=== Data records ===
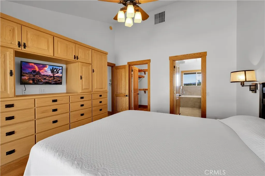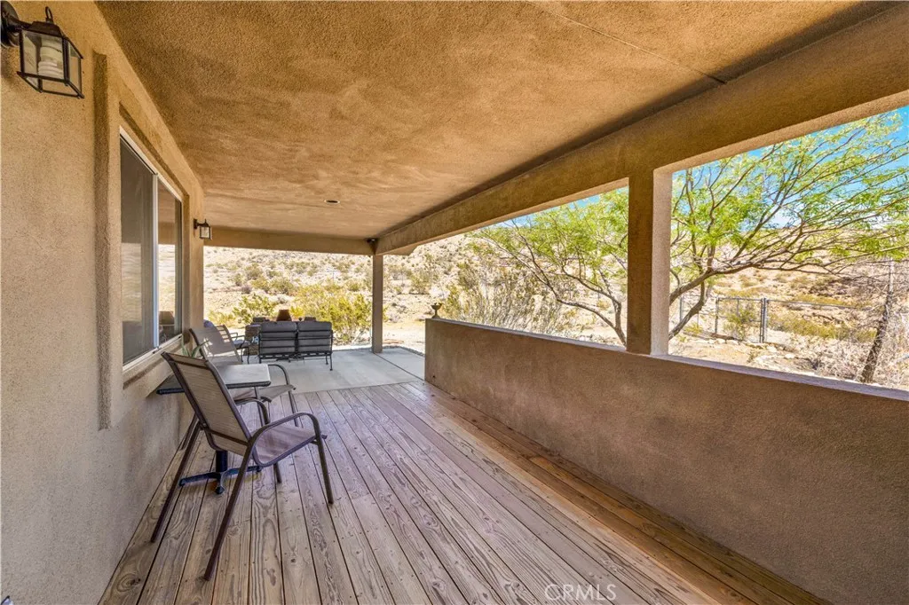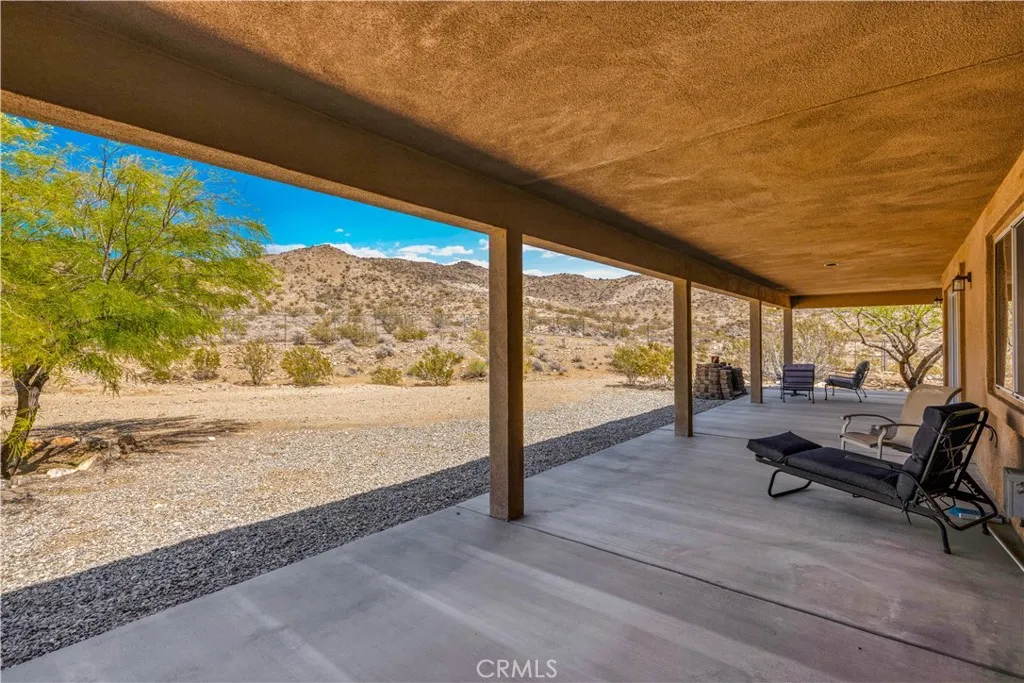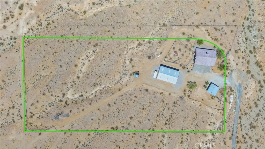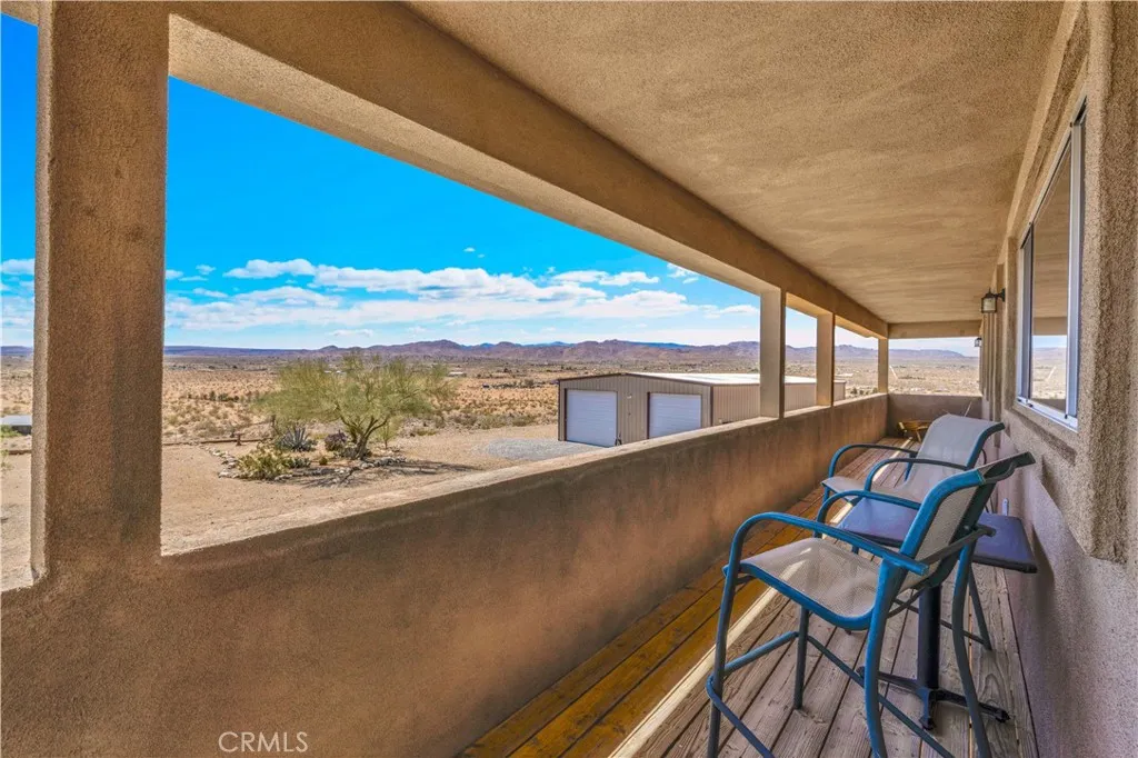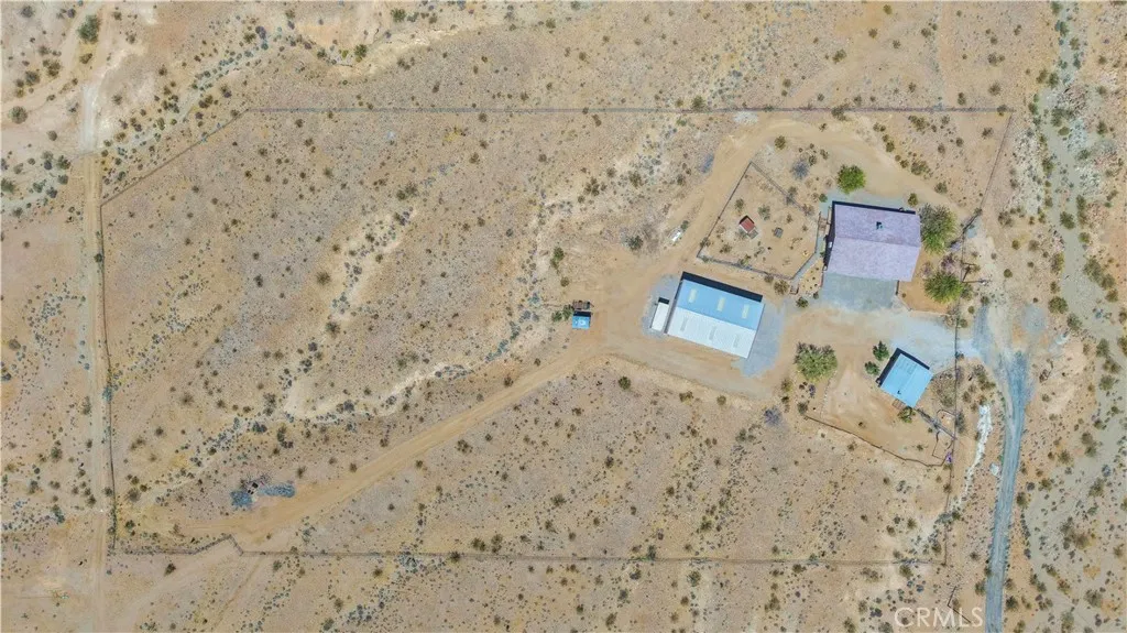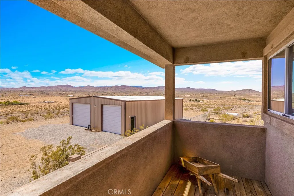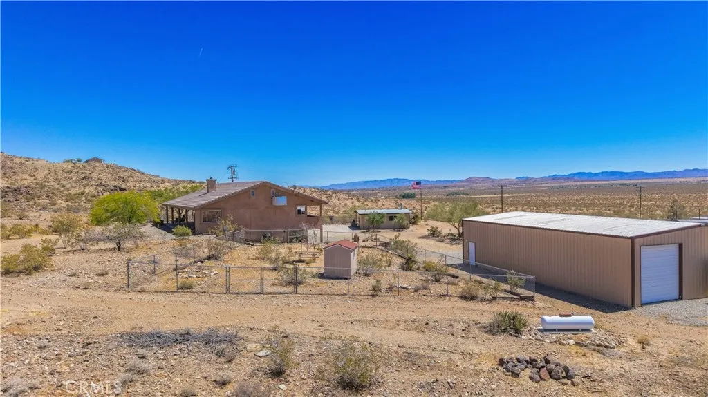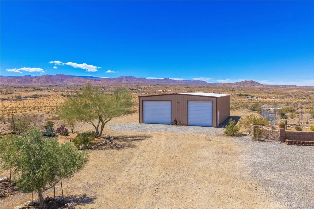Large two-story main home, additional cabin, and a 2,400 sq ft workshop all on a fenced 5-acre parcel. This unique property is the last home on the street, backed directly against the mountain, offering incredible panoramic views overlooking all of Landers and unmatched privacy. The 2012 custom-built two-story main home features high-end finishes throughout, including real wood flooring, custom oak cabinetry, and laundry rooms on both levels. The upper level showcases vaulted ceilings and an open-concept layout, with a spacious kitchen featuring raw-edge granite countertops, abundant cabinetry, and ample workspace. The living room includes a wood stove and multiple sliders leading to both the front wraparound balcony and back patio. Bedrooms are generously sized, and the primary suite offers a massive walk-in closet, patio access, and a beautifully finished bathroom with soaking tub and walk-in shower. A bedroom on the lower level and a fully finished two-car garage add to the flexibility. The separate cabin provides excellent additional living space for guests, featuring an open layout, well-preserved retro charm, beautiful views, its own bathroom with walk-in shower, front porch, and a cross-fenced yard. The 2,400 sq ft metal workshop is a standout feature, equipped with three RV-height roll-up doors, power throughout with multiple 220 outlets, laundry hookups, a car lift, and custom fabrication tables with built-in storageideal for hobbyists, contractors, or business use. Additional features include a Connex storage container and full RV hookups. Properties offering this
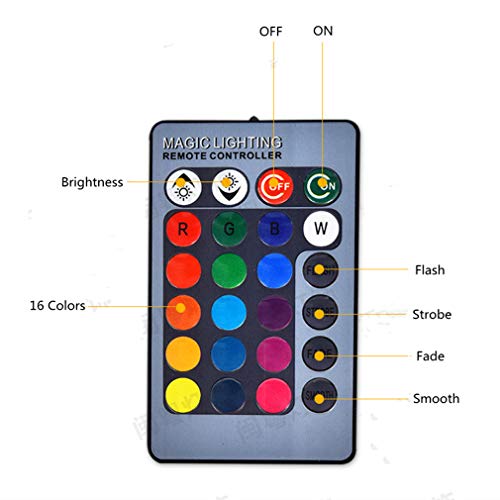 Semplicemente controllato da un telecomando IR a 24 tasti o un pulsante touch intelligente in 16 modalità statiche a colori singoli (rosso, verde, blu, giallo, ciano, rosa, bianco) e 4 modalità di colori flash dinamici (Flash / Strobo / Dissolvenza / Smooth) e luminosità aggiustato.
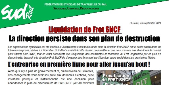 Alors qu’il n’y a plus de gouvernement et, qu’au niveau de Bruxelles, des changements vont avoir lieu suite aux dernières élections, cette instabilité politique et institutionnelle est une occasion pour abandonner le plan de discontinuité de Fret SNCF (ou au minimum décider d’un moratoire). C’est ce que la délégation SUD-Rail a défendu et continuera de le faire avec un nouveau rassemblement unitaire le 26 septembre devant le Ministère des Transports.
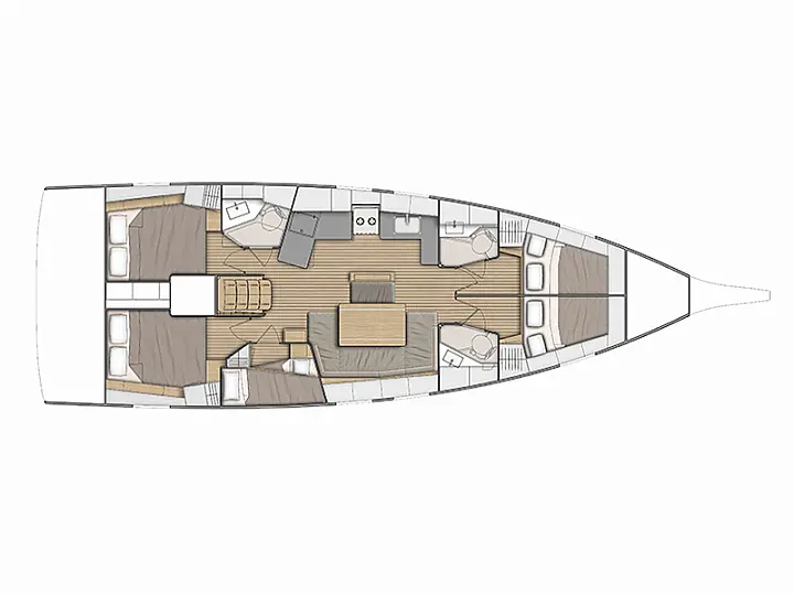 - układ wnętrza: 10 wygodnych koi (w tym jedna z piętrowymi łóżkami), 3 łazienki.
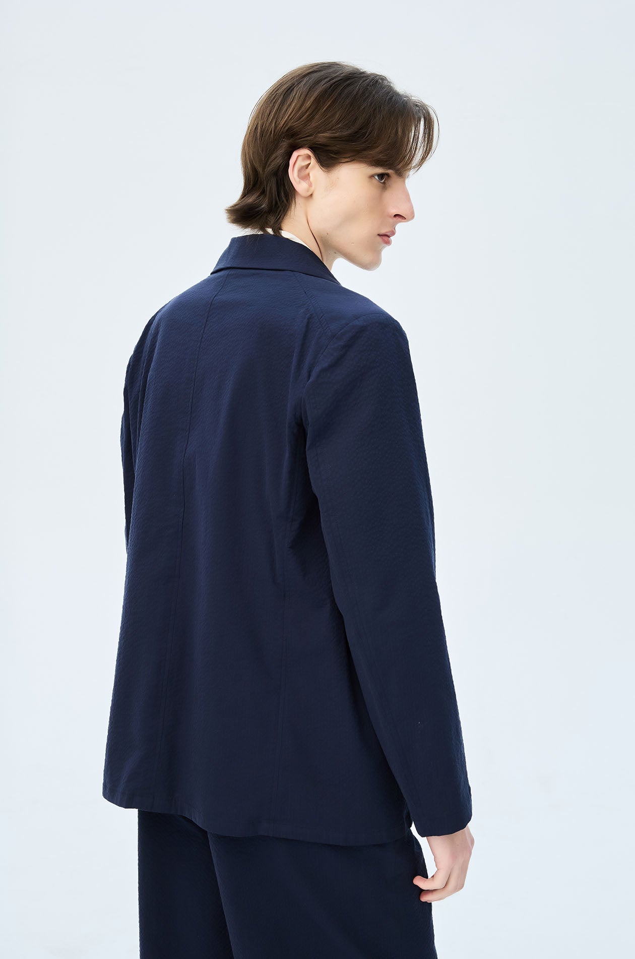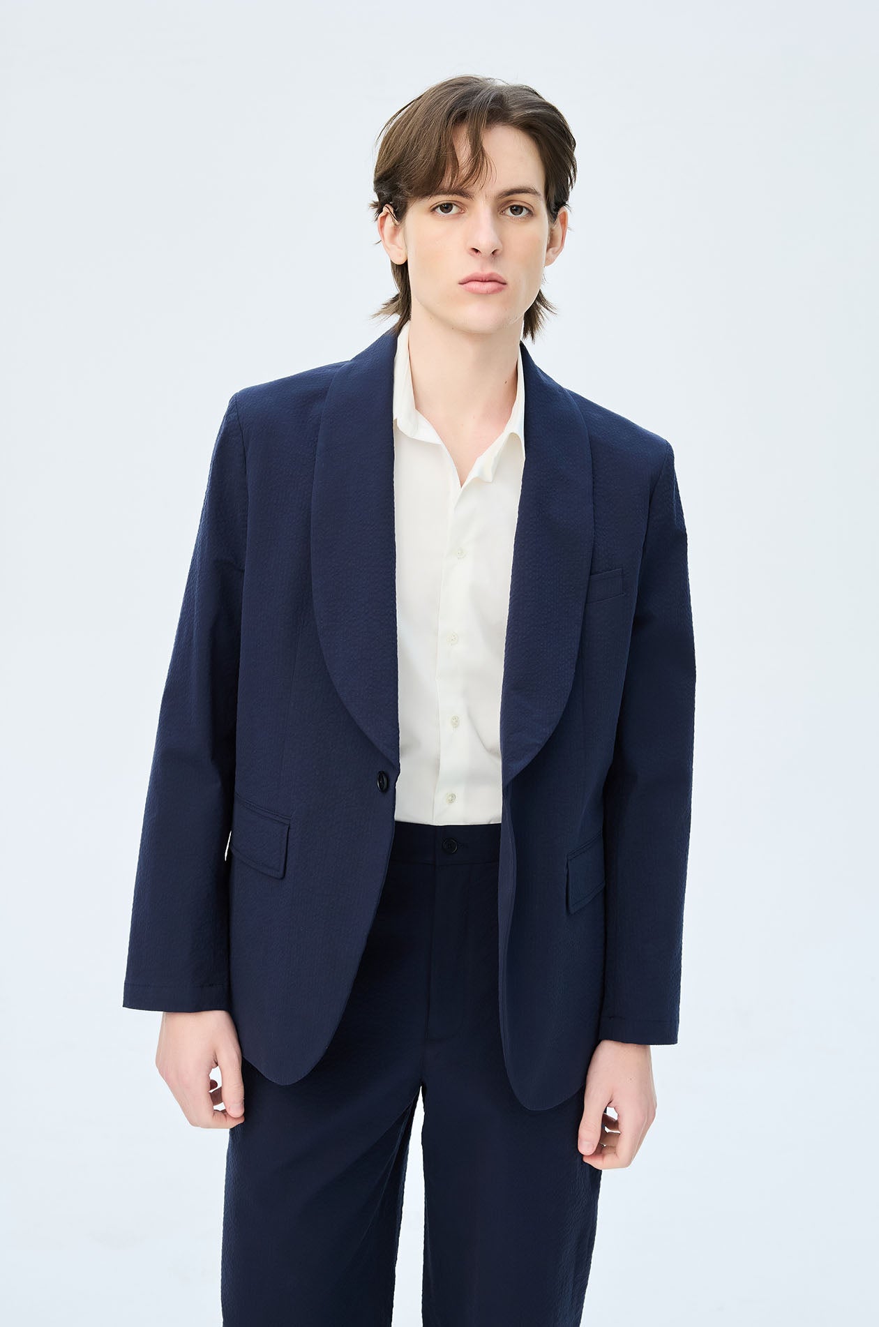 Single-breasted lightweight blazer in seersucker. Regular fit with shawl lapel and front pockets. Front button closure. Available in navy.
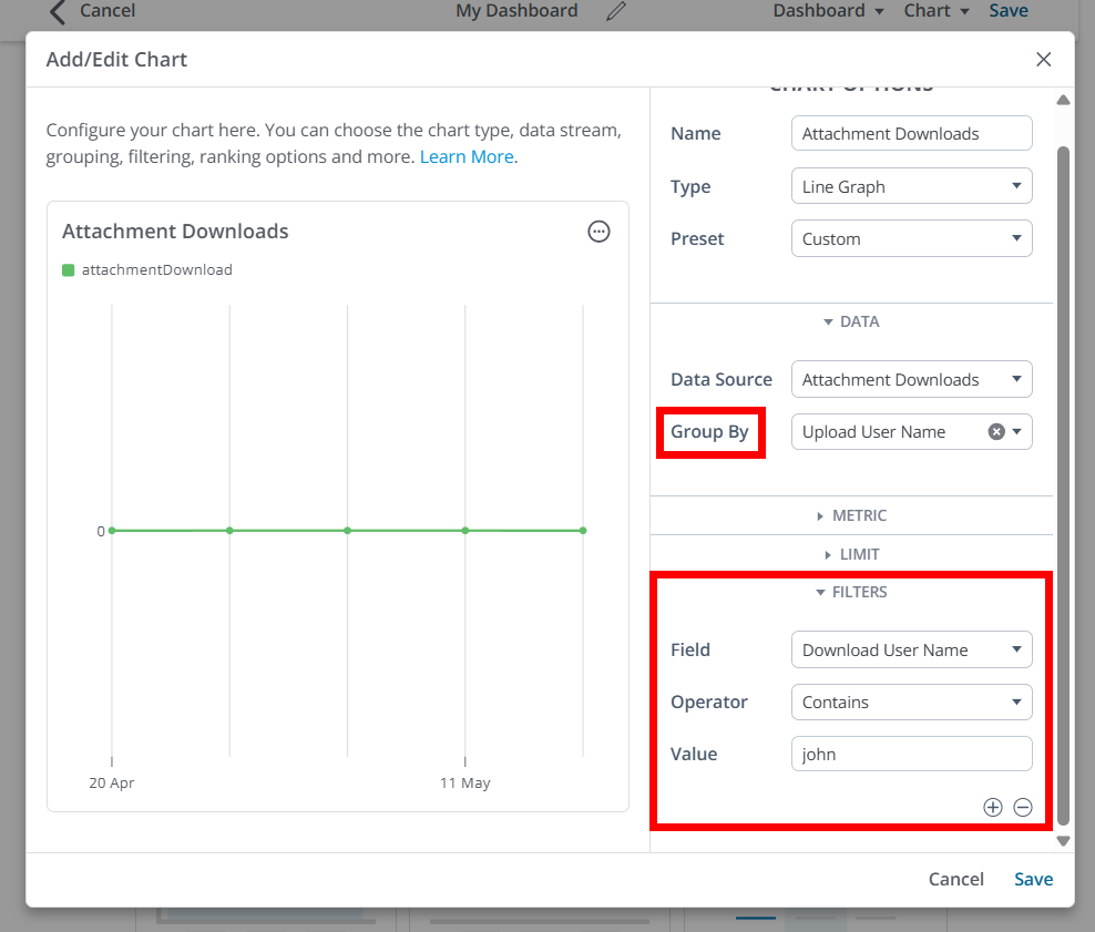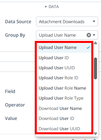 Leverage these user-based metrics to group or filter attachments by attributes of the user who downloaded or uploaded them, including username and role (and other standard user details).

=== What you are asked to do ===
Please give again, exactly and only, the lines from the top of the listing above through the line that has "Semplicemente controllato da", with pictures left out.

=== Task output ===
Large two-story main home, additional cabin, and a 2,400 sq ft workshop all on a fenced 5-acre parcel. This unique property is the last home on the street, backed directly against the mountain, offering incredible panoramic views overlooking all of Landers and unmatched privacy. The 2012 custom-built two-story main home features high-end finishes throughout, including real wood flooring, custom oak cabinetry, and laundry rooms on both levels. The upper level showcases vaulted ceilings and an open-concept layout, with a spacious kitchen featuring raw-edge granite countertops, abundant cabinetry, and ample workspace. The living room includes a wood stove and multiple sliders leading to both the front wraparound balcony and back patio. Bedrooms are generously sized, and the primary suite offers a massive walk-in closet, patio access, and a beautifully finished bathroom with soaking tub and walk-in shower. A bedroom on the lower level and a fully finished two-car garage add to the flexibility. The separate cabin provides excellent additional living space for guests, featuring an open layout, well-preserved retro charm, beautiful views, its own bathroom with walk-in shower, front porch, and a cross-fenced yard. The 2,400 sq ft metal workshop is a standout feature, equipped with three RV-height roll-up doors, power throughout with multiple 220 outlets, laundry hookups, a car lift, and custom fabrication tables with built-in storageideal for hobbyists, contractors, or business use. Additional features include a Connex storage container and full RV hookups. Properties offering this
 Semplicemente controllato da un telecomando IR a 24 tasti o un pulsante touch intelligente in 16 modalità statiche a colori singoli (rosso, verde, blu, giallo, ciano, rosa, bianco) e 4 modalità di colori flash dinamici (Flash / Strobo / Dissolvenza / Smooth) e luminosità aggiustato.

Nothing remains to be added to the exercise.